Member of Parliament for Nkoranza South Constituency
- In office 7 January 2009 – 6 January 2013
- President: John Atta Mills John Mahama
- Succeeded by: Emmanuel Kwadwo Agyekum

Member of Parliament for Nkoranza South Constituency
- In office 7 January 2005 – 6 January 2009
- President: John Kufuor
- Preceded by: Hayford Francis Amoako

Personal details
- Born: 10 December 1954 (age 71)
- Party: New Patriotic Party
- Children: 5
- Alma mater: University of Cape Coast
- Profession: Educationist

= Kwame Amporfo Twumasi =

Ghanaian politician

Kwame Amporfo Twumasi (born 10 December 1954) is a Ghanaian educationist and politician. He was the member of parliament for the Nkoranza South Constituency in Brong Ahafo region in Ghana.

== Early life and education ==
Twumasi was born on 10 December 1954. His hometown is Nkwabeng in the formerly Brong Ahafo Region of Ghana.

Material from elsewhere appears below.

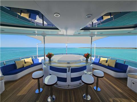 Forward of the wheel house is a delightful seating area with cushions and table. Shade is optional with a removable awning. From this area there is access to the bow or to the aft bridge deck that includes shade, a full bar, 32" TV, alfresco dining for 10 guests and additional built in casual seating and tables. The sky lounge includes a plush white sectional sofa, coffee table, 2 occasional chairs, entertainment center with 93" TV, a game table and chairs and powder room. The ceiling is accented with exposed mahogany beams. A day head is also on this level.
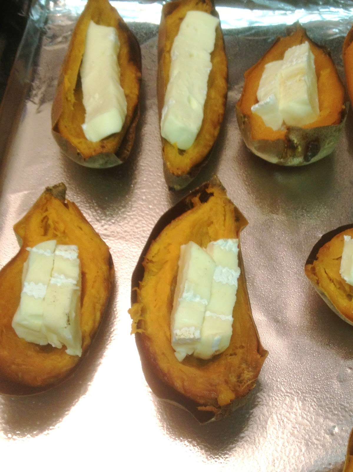 I love these sweet potato skins. You melted brie cheese in there, that's my favorite cheese. YUM!

He had his BA in Geography and Economics from the University of Ghana in 1980. He further had his PGDE from University of Cape Coast in 1996.

== Career ==
Before his election into parliamentary position, he worked with the Ghana Education Service(GES) as a Principal Superintendent and Tutor first at Atebubu Secondary School and later at Nkoranza Secondary/Technical School. He also served as the Deputy Minister of Energy and served in a number of committees. He sojourned as a teacher from September 1981 to August 1987 with the Sokoto State Government in Nigeria under a contract.

== Politics ==
Ampofo was elected in the 2004 parliamentary election held on 7 December 2004, on the ticket of the New Patriotic Party, as the Member of Parliament for the Nkoranza South Constituency. He thus became part of the Members of Parliament elected for the Fourth Parliament of the Fourth Republic of Ghana.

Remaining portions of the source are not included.